Mass % = (Mass of solute / Mass of solution) × 100

Mass of solution = Mass of solute + Mass of solvent

The result also tells you how many grams of solute are present per 100 g of solution. A 5% w/w solution contains 5 g of solute in every 100 g of solution.

Why this works: Because both solute and solution are measured by mass, the ratio is constant regardless of temperature or pressure. This makes % w/w the preferred concentration unit for solid mixtures and situations where temperature variation is expected.

Worked examples

10 g of NaCl is dissolved in 90 g of water. What is the mass percent of the solution?

  1. Solution mass: 10 + 90 = 100 g
  2. Mass %: (10 / 100) × 100 = 10%

Answer: 10% w/w NaCl solution

A pharmacist dissolves 4 g of drug in 196 g of water. What is the mass percent?

  1. Solution mass: 4 + 196 = 200 g
  2. Mass %: (4 / 200) × 100 = 2%

Answer: 2% w/w solution

A solution is 35% w/w sulphuric acid. How many grams of acid are in 500 g of solution?

  1. Acid mass: 500 × (35 / 100) = 175 g

Answer: 175 g of sulphuric acid

Commercial bleach contains 35 g of NaOCl per 500 g of product. What is the mass percent?

  1. Mass %: (35 / 500) × 100 = 7%

Answer: 7% w/w NaOCl

A student dissolves 2.5 g of glucose in 47.5 g of water. What is the mass percent?

  1. Solution mass: 2.5 + 47.5 = 50 g
  2. Mass %: (2.5 / 50) × 100 = 5%

Answer: 5% w/w glucose solution

When to use this

  • A-level and university chemistry: Mass percent is a standard concentration expression in A-level and first-year university chemistry, particularly for solid solutes.
  • Pharmaceutical formulation: Drug concentrations in creams, ointments and some solutions are often specified as % w/w on UK product labelling.
  • Industrial chemistry: Concentrated acids (sulphuric, hydrochloric, nitric) are sold with their purity specified as % w/w on safety data sheets.
  • Food science: Ingredient concentrations in food products such as salt, sugar or preservative content are sometimes expressed as % w/w in technical specifications.

Understanding the result

A mass percent of 5% means 5 g of solute per 100 g of solution, or equivalently, 5 g in every 95 g of solvent. Note that a 5% w/w solution is slightly less concentrated than you might intuitively expect: 5 g of solute in 100 g of solution means only 95 g of solvent, not 100 g.

Mass percent is different from molarity (mol/L) and molality (mol/kg). Converting between them requires the molecular weight of the solute and, for molarity, the density of the solution.

Related concepts

➡ For solutions where volume is measured rather than mass, the percentage strength calculator handles % w/v and % v/v concentration expressions. ➡ To find the percentage of water in a substance (important in drying and hydration analysis), the percent water calculator uses mass before and after drying. ➡ For expressing mixture composition in moles rather than mass, the mole percentage calculator finds each component's mole fraction as a percentage.

How to do this in Excel

=(A1/(A1+B1))*100

Put solute mass in A1 and solvent mass in B1. If you already have the total solution mass, replace the denominator: =(A1/B1)*100 where B1 is total solution mass.

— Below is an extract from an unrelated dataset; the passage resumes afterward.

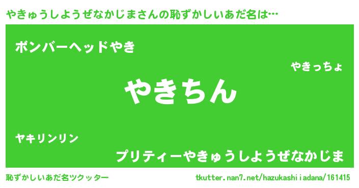 | ヒーロー風カッコイイあだ名 | 『ネオヤキュウシヨウゼナカジマ』 |

How to do this without a calculator

Add solute and solvent masses to get the solution mass. Divide solute by solution and multiply by 100. For a 10 g solute in 90 g solvent: 10 ÷ 100 × 100 = 10%. For a 5 g solute in 95 g solvent: 5 ÷ 100 × 100 = 5%.

Common mistakes

Dividing solute by solvent instead of by solution

The denominator must be the total solution mass (solute + solvent), not just the solvent mass. Dividing by solvent alone gives a ratio greater than the true mass percent.

Confusing % w/w with % w/v

Mass percent (% w/w) uses mass for both solute and solution. Percentage strength % w/v uses mass of solute but volume of solution. These are only interchangeable when the solution density is exactly 1 g/mL.